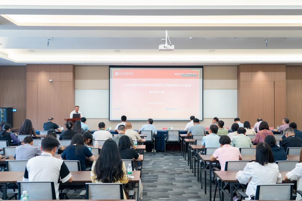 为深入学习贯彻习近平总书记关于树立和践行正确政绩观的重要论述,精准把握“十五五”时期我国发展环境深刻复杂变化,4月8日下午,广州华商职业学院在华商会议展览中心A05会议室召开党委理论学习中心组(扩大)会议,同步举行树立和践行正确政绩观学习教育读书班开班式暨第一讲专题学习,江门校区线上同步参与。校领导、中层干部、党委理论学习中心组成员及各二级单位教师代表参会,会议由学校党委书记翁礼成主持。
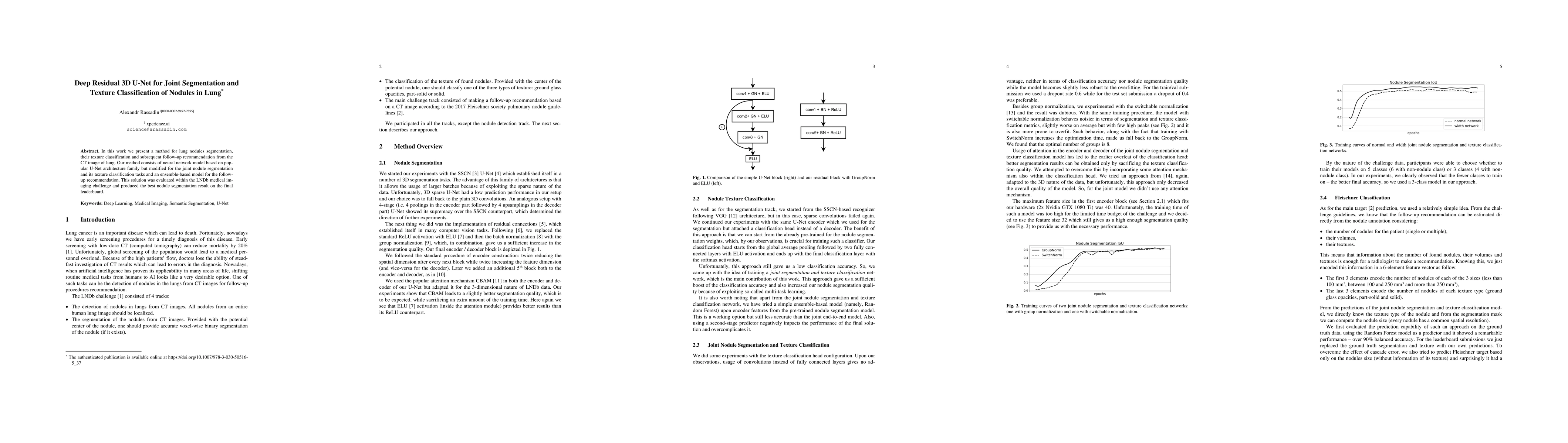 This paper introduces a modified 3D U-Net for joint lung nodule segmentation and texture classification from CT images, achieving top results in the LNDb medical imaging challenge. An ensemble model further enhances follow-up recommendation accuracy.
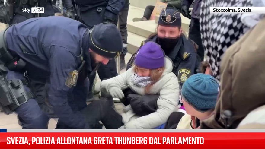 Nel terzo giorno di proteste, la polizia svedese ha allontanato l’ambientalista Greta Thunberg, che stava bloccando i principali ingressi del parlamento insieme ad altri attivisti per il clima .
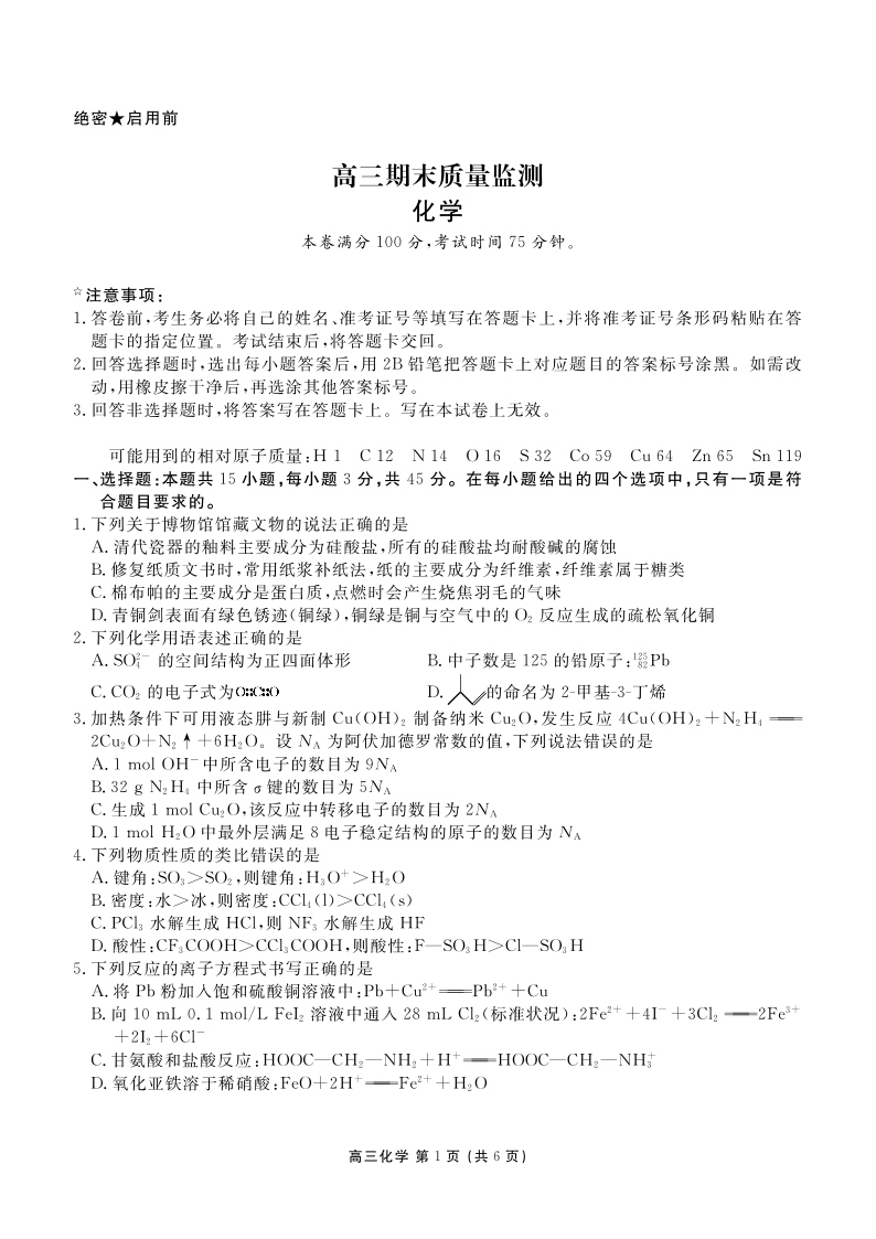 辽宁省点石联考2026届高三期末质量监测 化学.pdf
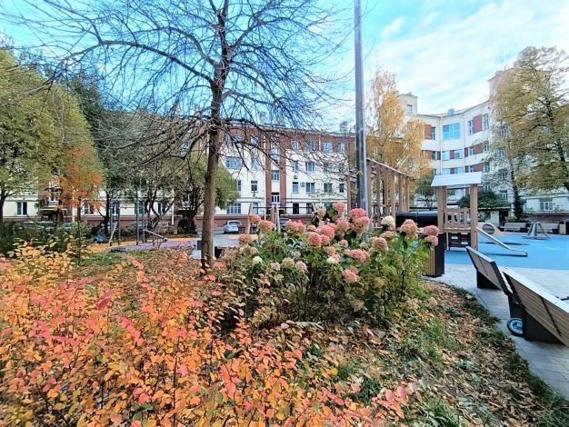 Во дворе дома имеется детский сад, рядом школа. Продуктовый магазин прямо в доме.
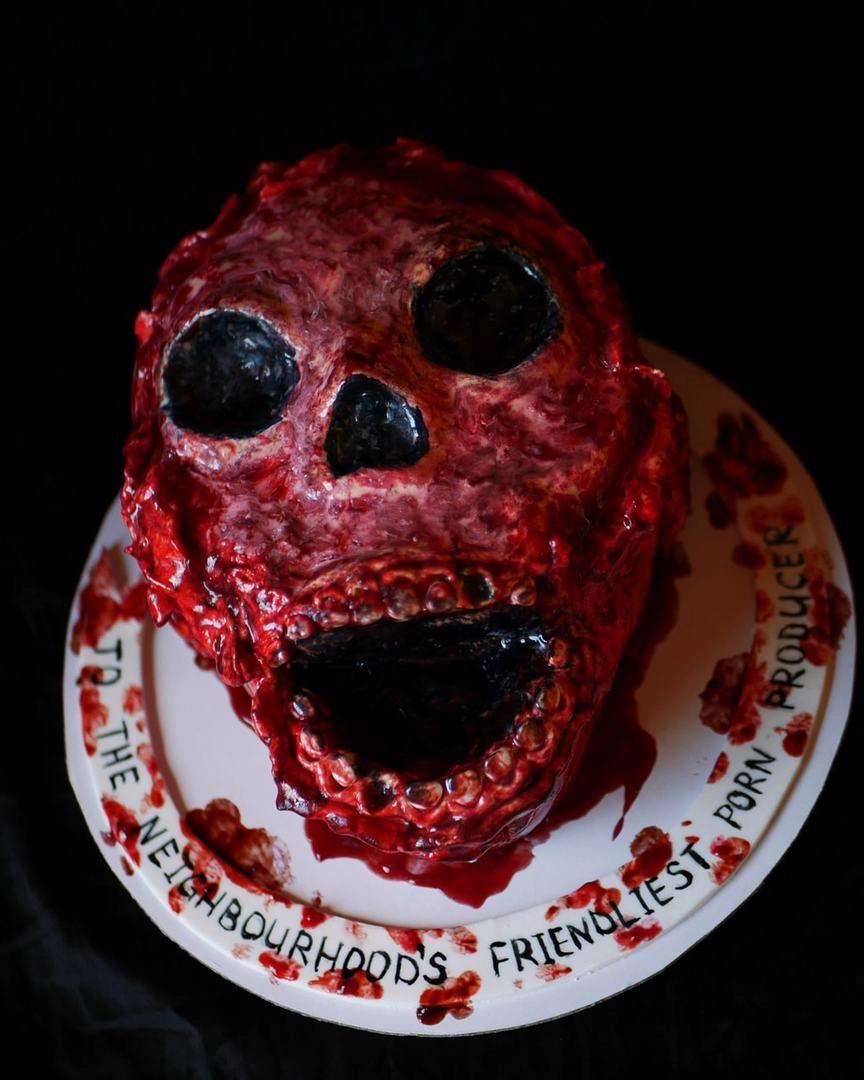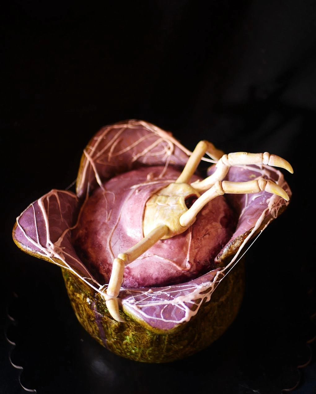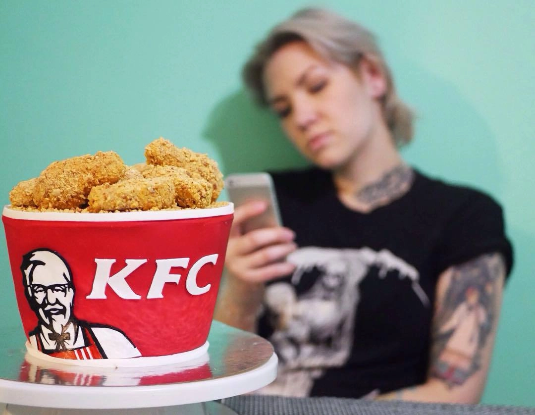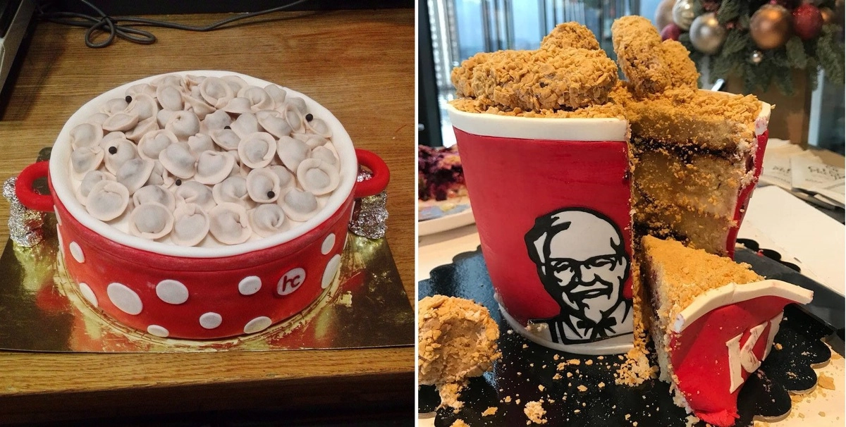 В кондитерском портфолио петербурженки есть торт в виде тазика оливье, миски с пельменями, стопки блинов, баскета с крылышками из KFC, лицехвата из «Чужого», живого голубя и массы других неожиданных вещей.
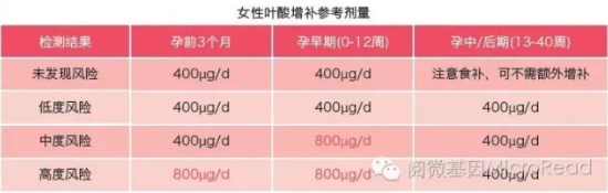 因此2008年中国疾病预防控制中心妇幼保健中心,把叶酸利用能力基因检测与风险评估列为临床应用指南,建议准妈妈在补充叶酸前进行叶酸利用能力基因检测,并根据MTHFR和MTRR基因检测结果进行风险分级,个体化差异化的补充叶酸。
***
Work to be completed:
The answer must be an exact copy of the records above, with the pictures left out.

Reply to the task:
 为深入学习贯彻习近平总书记关于树立和践行正确政绩观的重要论述,精准把握“十五五”时期我国发展环境深刻复杂变化,4月8日下午,广州华商职业学院在华商会议展览中心A05会议室召开党委理论学习中心组(扩大)会议,同步举行树立和践行正确政绩观学习教育读书班开班式暨第一讲专题学习,江门校区线上同步参与。校领导、中层干部、党委理论学习中心组成员及各二级单位教师代表参会,会议由学校党委书记翁礼成主持。
 This paper introduces a modified 3D U-Net for joint lung nodule segmentation and texture classification from CT images, achieving top results in the LNDb medical imaging challenge. An ensemble model further enhances follow-up recommendation accuracy.
 Nel terzo giorno di proteste, la polizia svedese ha allontanato l’ambientalista Greta Thunberg, che stava bloccando i principali ingressi del parlamento insieme ad altri attivisti per il clima .
 辽宁省点石联考2026届高三期末质量监测 化学.pdf
 Во дворе дома имеется детский сад, рядом школа. Продуктовый магазин прямо в доме.
 В кондитерском портфолио петербурженки есть торт в виде тазика оливье, миски с пельменями, стопки блинов, баскета с крылышками из KFC, лицехвата из «Чужого», живого голубя и массы других неожиданных вещей.
 因此2008年中国疾病预防控制中心妇幼保健中心,把叶酸利用能力基因检测与风险评估列为临床应用指南,建议准妈妈在补充叶酸前进行叶酸利用能力基因检测,并根据MTHFR和MTRR基因检测结果进行风险分级,个体化差异化的补充叶酸。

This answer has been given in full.